# Using MDF on an enclosed porch?



## LearningAsIGo (Mar 8, 2011)

I'm planning on creating shaker style wainscoting for my porch and was thinking about using MDF because it would be cheaper than real wood and I will be painting it anyway. The porch is enclosed and basically another room in the house but it does not have heat or air conditioning and I do live in New England. The walls are insulated but the ceiling and floor are not. I hope to insulate the ceiling at some point.

Does MDF not tolerate cold or heat well or do you just have to worry about swelling if it comes in contact with water?


----------



## LeeBarker (Aug 6, 2010)

My view is that your site would be considered exterior inasmuch as there's no heat. It's the edges of MDF that absorb moisture easily, and I have a hunch that in a few years you'd regret the decision.

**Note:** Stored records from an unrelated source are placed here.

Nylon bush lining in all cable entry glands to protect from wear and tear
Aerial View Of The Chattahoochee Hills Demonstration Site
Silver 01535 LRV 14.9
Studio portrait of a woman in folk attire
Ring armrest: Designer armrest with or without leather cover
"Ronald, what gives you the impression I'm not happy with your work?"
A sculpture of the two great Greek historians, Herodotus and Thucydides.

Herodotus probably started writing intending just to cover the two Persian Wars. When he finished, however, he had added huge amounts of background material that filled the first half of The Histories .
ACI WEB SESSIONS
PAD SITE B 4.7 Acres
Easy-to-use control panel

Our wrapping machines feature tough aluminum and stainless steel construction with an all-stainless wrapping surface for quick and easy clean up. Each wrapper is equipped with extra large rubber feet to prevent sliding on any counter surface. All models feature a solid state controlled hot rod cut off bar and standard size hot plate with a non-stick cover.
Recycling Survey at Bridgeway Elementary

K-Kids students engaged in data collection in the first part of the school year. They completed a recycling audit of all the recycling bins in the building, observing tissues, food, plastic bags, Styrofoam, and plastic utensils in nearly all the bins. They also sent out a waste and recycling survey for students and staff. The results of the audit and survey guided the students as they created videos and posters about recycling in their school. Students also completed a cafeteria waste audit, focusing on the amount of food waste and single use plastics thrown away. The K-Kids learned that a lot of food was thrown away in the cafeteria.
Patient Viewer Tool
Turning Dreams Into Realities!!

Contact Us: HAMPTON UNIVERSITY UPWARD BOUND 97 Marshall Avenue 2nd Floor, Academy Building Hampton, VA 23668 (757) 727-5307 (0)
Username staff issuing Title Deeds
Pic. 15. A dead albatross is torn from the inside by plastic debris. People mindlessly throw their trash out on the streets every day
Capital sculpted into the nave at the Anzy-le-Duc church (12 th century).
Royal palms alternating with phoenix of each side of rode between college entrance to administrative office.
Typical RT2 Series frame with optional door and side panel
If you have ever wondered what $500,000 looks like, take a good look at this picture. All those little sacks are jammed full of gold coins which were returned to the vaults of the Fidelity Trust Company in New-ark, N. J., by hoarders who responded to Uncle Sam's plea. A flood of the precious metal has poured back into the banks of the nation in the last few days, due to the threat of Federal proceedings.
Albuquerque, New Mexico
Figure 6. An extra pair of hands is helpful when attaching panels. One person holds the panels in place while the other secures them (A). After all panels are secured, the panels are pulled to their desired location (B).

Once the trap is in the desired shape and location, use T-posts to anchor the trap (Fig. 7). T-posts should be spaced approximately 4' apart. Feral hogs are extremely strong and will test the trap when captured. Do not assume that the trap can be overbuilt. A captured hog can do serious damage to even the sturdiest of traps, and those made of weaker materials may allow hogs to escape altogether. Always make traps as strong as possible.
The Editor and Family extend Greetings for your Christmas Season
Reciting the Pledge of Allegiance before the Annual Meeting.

Consider an exterior ply with a sanded face if you want to go to sheet goods.

Kindly,

Lee


----------



## CharlieM1958 (Nov 7, 2006)

I agree with Lee. A few dollars saved now will leave you kicking yourself later.


----------



## Loren (May 30, 2008)

My first reaction would be a no on the MDF in an exterior application
but then I remembered it is sold as a profiled siding material and 
has been for many years.

If I were you I'd research the durability of the siding and ask
yourself if you want to take a chance.


----------



## reggiek (Jun 12, 2009)

MDF does not tolerate moisture - it will swell and turn into mush….exterior ply or OSB would be a better choice….Another way to go is to use pine or Douglas Fir as it is cheap (or any other cheap wood would work as being painted can give it enough protection from the elements) and when painted can be fairly tolerant of the moisture ….White Oak, Redwood or Cedar are typically the go to outdoor woods.


----------



## BillWhite (Jul 23, 2007)

There is an exterior grade MDF that will work just fine. Look it up on the net. I have it on the exterior columns on my home. As long as it is not submerged…....
Bill


----------



## LeeBarker (Aug 6, 2010)

I had forgotten about the exterior MDF too, Loren. A friend put a hunk in water and it was there a couple weeks and did not even change shape. 3/4" thick.

And that's all I know!

Kindly,

Lee


----------



## reggiek (Jun 12, 2009)

I have heard of an exterior grade MDF, but have only seen it made into siding (expensive yet looks cheap…and tacky) I imagine they would have a bonding agent that is waterproof….and hopefully UV proof also. I do not know the price of it….but I still think you would be better served by an exterior solid wood…like plywood or such….because even if the binding agent is waterproof…the wood particles are not…sooner or later it will break down….but that is more a personal preference….I am not a big fan of MDF…I pretty much only use it for jigs.


----------